Top of Provided records

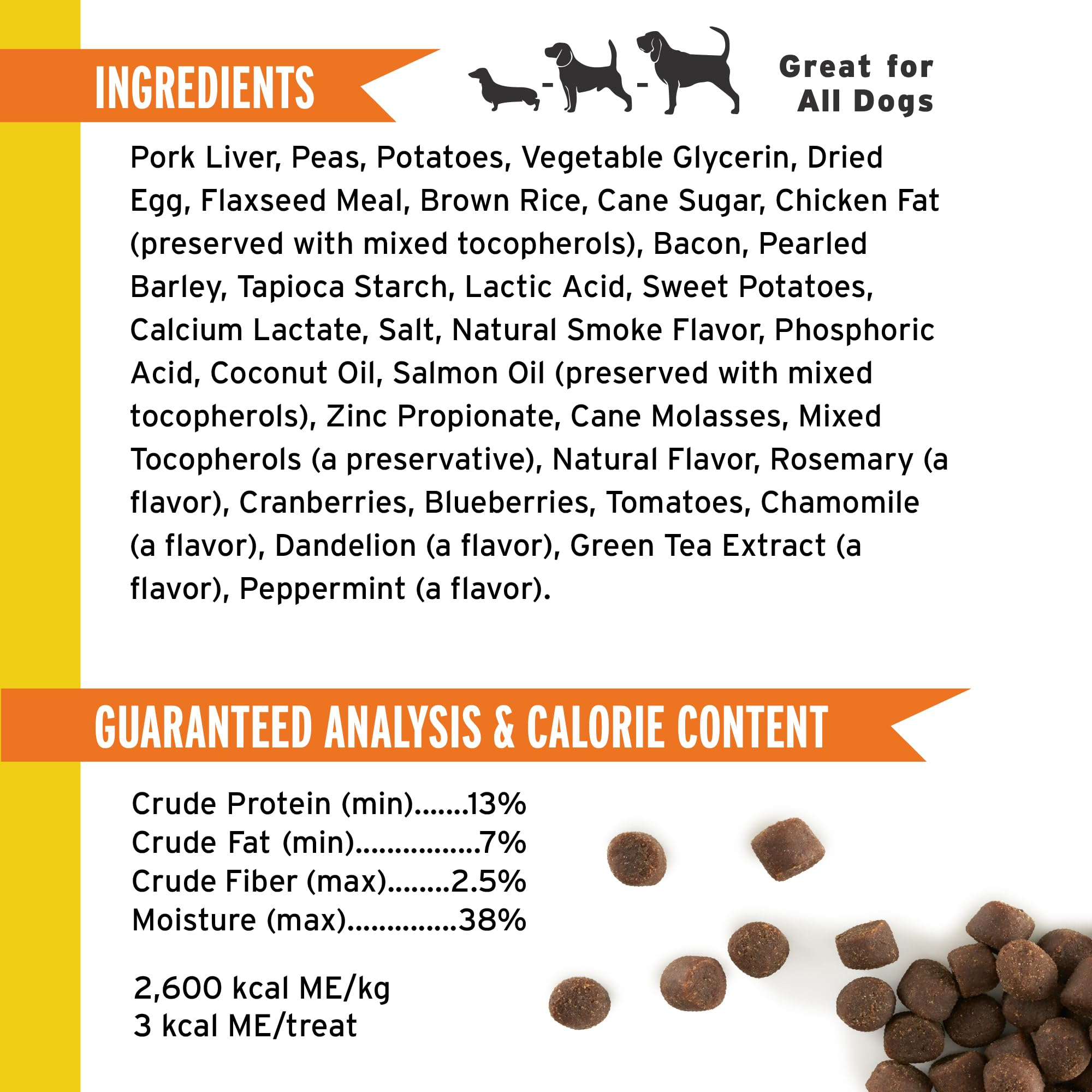 - BIG MOTIVATION IN EACH MINI BITE. Each of these 3 calorie treats are packed with flavor from pork liver, real bacon, and added botanicals that will keep dogs focused and eager to learn!
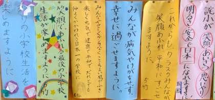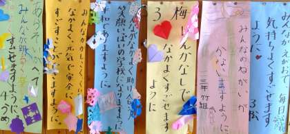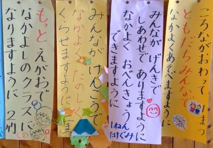 一つ一つをじっくり読んでみますと、どのクラスも「いい願い事」が書かれていると思いました。皆さんは、どのクラスの「願い事」が素敵だと思いましたか?
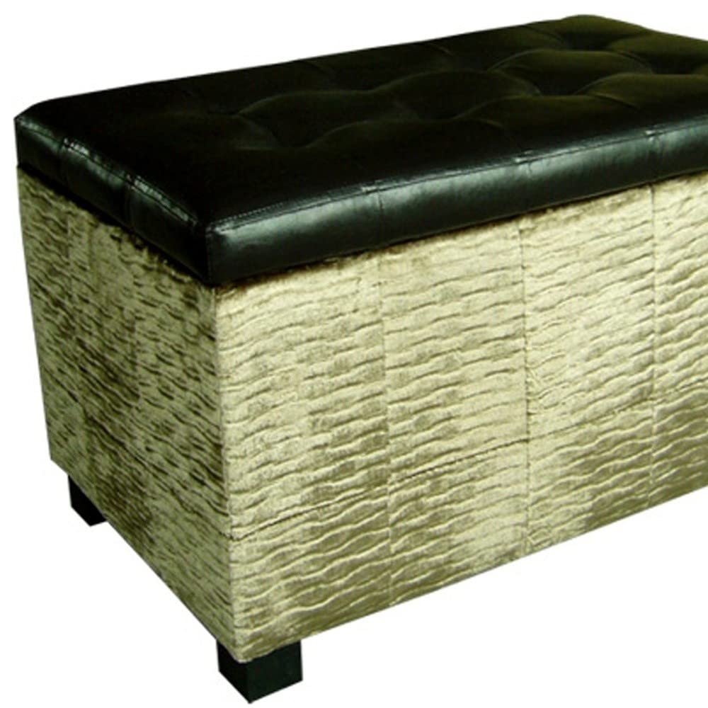 HomeRoots Wood/Microfiber Wavy Beige Velvet and Black Faux Leather Storage Bench
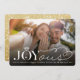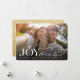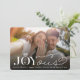 Cette carte moderne et élégante d'annonce de fiançailles pour les fêtes de Noël / faire-part "save the date" présente le mot "Joyous" dans un mélange de caractères serif classiques et de calligraphie fantaisiste avec le monogramme du couple intégré dans un motif de bague en diamant unique superposé sur une photo en plein cadre.
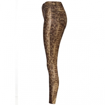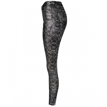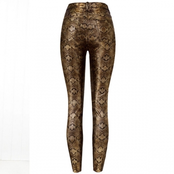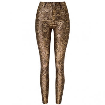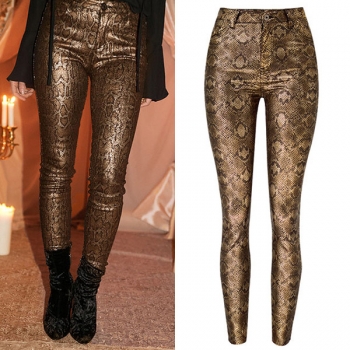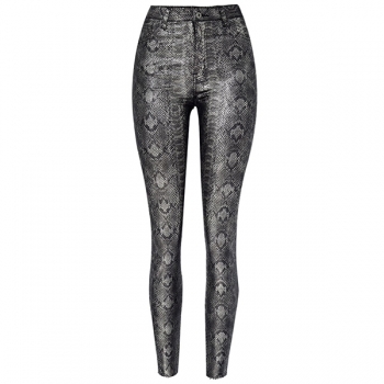 Fashion High Waist Serpentine Printed Artificial Leather PU Skinny Pants

Bottom of Provided records

Work to be completed:
No pictures should appear in the copy. Print exactly the lines above from the line containing "Cette carte moderne" through the last line of the data.

Solution:
 Cette carte moderne et élégante d'annonce de fiançailles pour les fêtes de Noël / faire-part "save the date" présente le mot "Joyous" dans un mélange de caractères serif classiques et de calligraphie fantaisiste avec le monogramme du couple intégré dans un motif de bague en diamant unique superposé sur une photo en plein cadre.
 Fashion High Waist Serpentine Printed Artificial Leather PU Skinny Pants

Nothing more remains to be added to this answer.